Boardman v. Inslee, No. 19-35113 (9th Cir. Oct. 22, 2020).
Complaint, Boardman v. Inslee, No. 3:17-cv-05255 (W.D. WA. Apr. 5, 2017), complaint hosted by freedomfoundation.com (plaintiff).
In a win for unions, the U.S. Court of Appeals for the Ninth Circuit recently affirmed a district court’s summary judgment upholding the constitutionality of Washington state ballot initiative 1501. The court rejected First and Fourteenth Amendment challenges, leaving in place limitations that make it more difficult for appellants to reach in-home care providers and inform them of their right to opt-out of agency fee payments to their collective bargaining representatives.
Initiative 1501 (“I-1501”), which was supported by nearly 71% of Washington voters in 2016, was described on the ballot as a measure to “increase the penalties for criminal identity theft and civil consumer fraud targeted at seniors or vulnerable individuals.” Part III of the initiative also prohibited public access to certain government-controlled information—namely, the personal information of “in-home care givers of vulnerable populations.” However, the initiative allowed information to be provided to providers’ exclusive bargaining representatives.
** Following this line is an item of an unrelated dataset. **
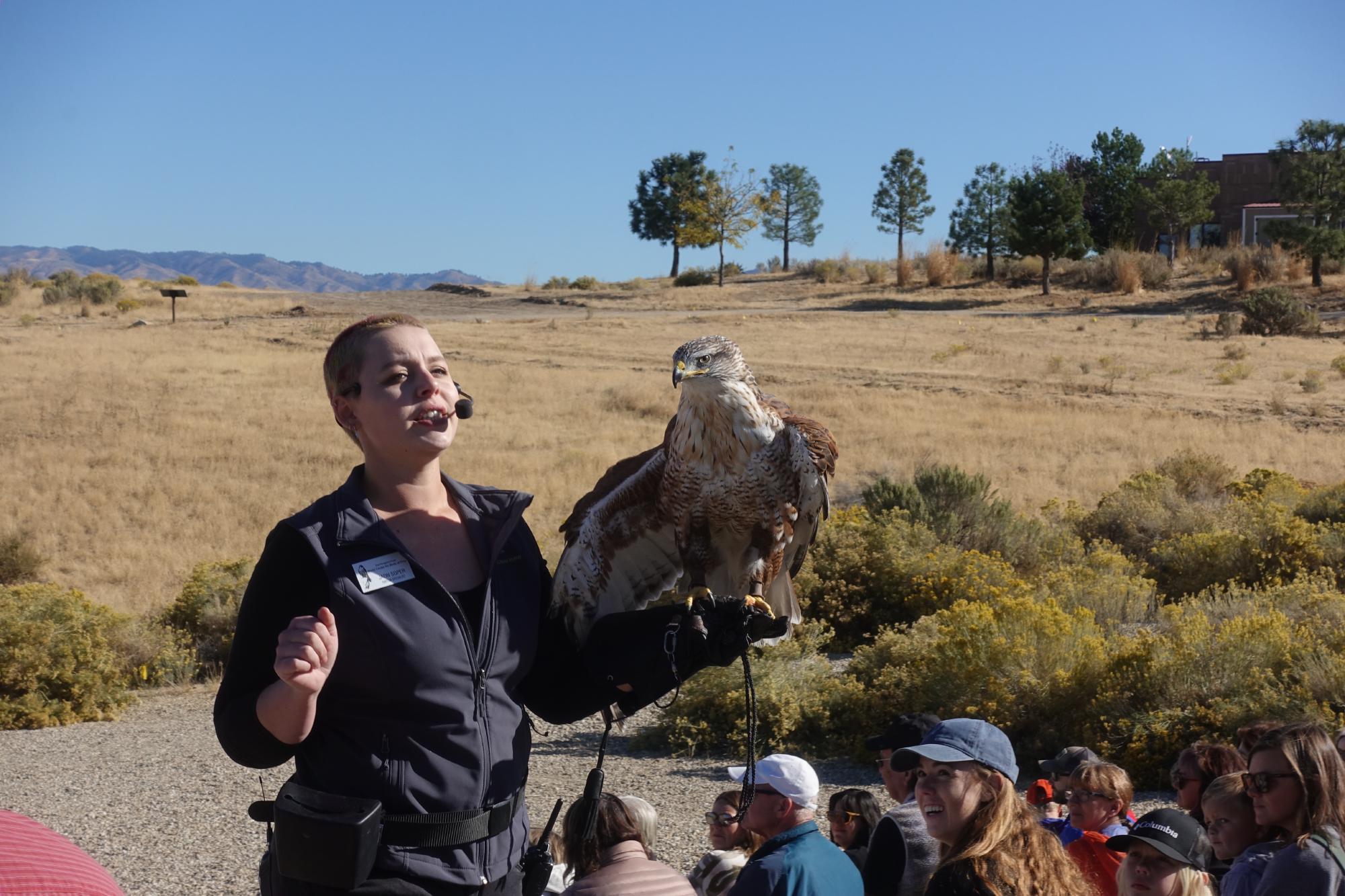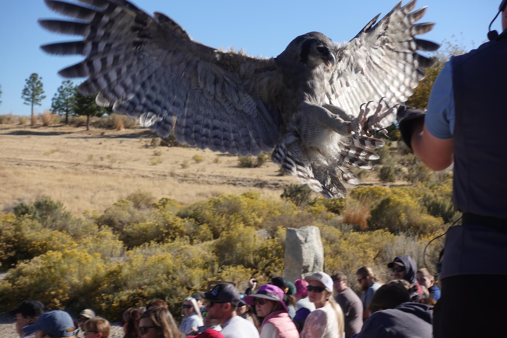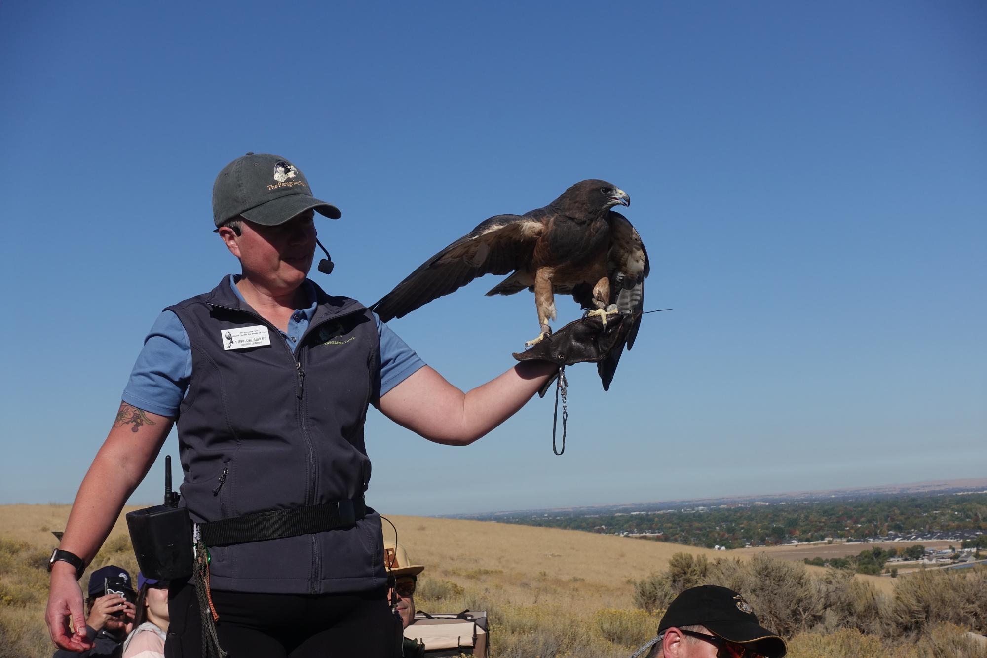 Lustigerweise schläft Marco wie ein Baby diese Nacht, während Simone regelmässig aufschreckt, wenn wieder ein Lastwagen um unseren Camper herum losbraust oder schnittig heranfährt um zu parkieren. Aber es schickt uns niemand weg oder klopft mitten in der Nacht an die Tür, das Boondocken hat wieder wunderbar geklappt. Am Morgen danach scheint die Sonne und vor Tatendrang hält es Simone nicht mehr im Bett. Heute steht ein Besuch in der Wanderfalken-Stiftung an; es ist ein grosses Zentrum für Raubvögel, das sich der Zucht und Auswilderung von Wanderfalken und Kondoren verpflichtet hat und eine hübsche Einrichtung mit ein paar eingesperrten Raubvögeln betreibt. Nur die Zuchtstation kann man leider nicht besichtigen. Gestern Abend haben wir noch das allerletzte Ticket für die um elf Uhr startende und ausverkaufte Fall-Flights Show im Internet ergattert. Zuerst war Simone mega enttäuscht, ein Ticket reicht ja nicht für beide… Aber sie hat einen Bittibätti-Kommentar von wegen Honeymoon und letzter Tag in Boise mitgeschickt und darum probieren wir unser Glück.

The Freedom Foundation, a conservative think-tank and co-appellants in the case along with several individual in-home providers, dubbed I-1501 as a “Trojan horse designed to deceive Washington state voters into approving something they wouldn’t otherwise.”
The more than 35,000 home healthcare providers and 8,000 home-based childcare providers in Washington are required to participate in statewide collective bargaining, represented by the SEIU 775 and the SEIU 925 unions, respectively. Prior to 2014, unions would routinely require and collect payment from members and non-members aliketo support the groups’ collective-bargaining activities. In 2014, the Supreme Court held in Harris v. Quinn that quasi-public employees like in-home care providers cannot be forced to pay agency fees as non-members of a union. Following the decision, some unions continued to automatically collect payments, requiring an explicit “opt-out” from the provider– either to resign from the union and stop paying member dues, or to stop paying non-member fees. The Supreme Court’s 2018 Janus v. AFSCME Council 31 decision effectively nullified the opt-out loophole for public-sector labor unions, but certain workarounds remain in place that make it difficult for workers to resign as dues-paying members of such unions. Since the changes in law, the appellants have attempted to inform other in-home providers of their right to opt out of paying agency fees to the unions. Two co-appellants are also motivated by a campaign to replace the SEIU 925 union with a competing one, on whose board they serve. Given the large number of individual in-home care providers throughout the state, appellants have relied for years on Public Records Act (“PRA”) requests to obtain lists of providers’ contact information. The unions unsuccessfully challenged the PRA information requests a number of times, and in response helped introduce I-1501. The initiative subsequently exempted the relevant provider information from further disclosure. Appellants challenged I-1501 on First and Fourteenth Amendment claims.
The Ninth Circuit rejected all claims. Noting that although the First Amendment does not guarantee a right to government information, recent precedent restricts imposing viewpoint-based discrimination in the provision of such information. However, the Court did not find that such a First Amendment claim was supported here: there was no evidence of viewpoint preference between parties, and the challenged provisions did not “draw distinctions based on the message.” The Court also rejected that the limited relationships conferred by the union representation implicated appellants’ associational rights and stated that appellants lacked the standing to assert the First Amendment rights of other in-home providers. Finally, Equal Protection challenges also failed, as the initiative passed rational-basis review given that it furthered a legitimate state purpose of protecting vulnerable populations.
Judge Bress dissented. He found that prohibiting access to provider information to all but the unions was effectively promoting the incumbent unions’ views at the expense of anyone who might oppose them. He called I-1501 “transparent viewpoint discrimination…” that “fail[s] First Amendment scrutiny and thereby violate[s] Appellants’ fundamental rights under the Equal Protection Clause.”
Proponents of the initiative applauded the decision as protecting the personal information of vulnerable populations and their caregivers. However, despite the victory, restrictions following the decisions in Harris and Janus continue to hurt union membership and income.
Savely Zakharenko is a 1L at Harvard Law School.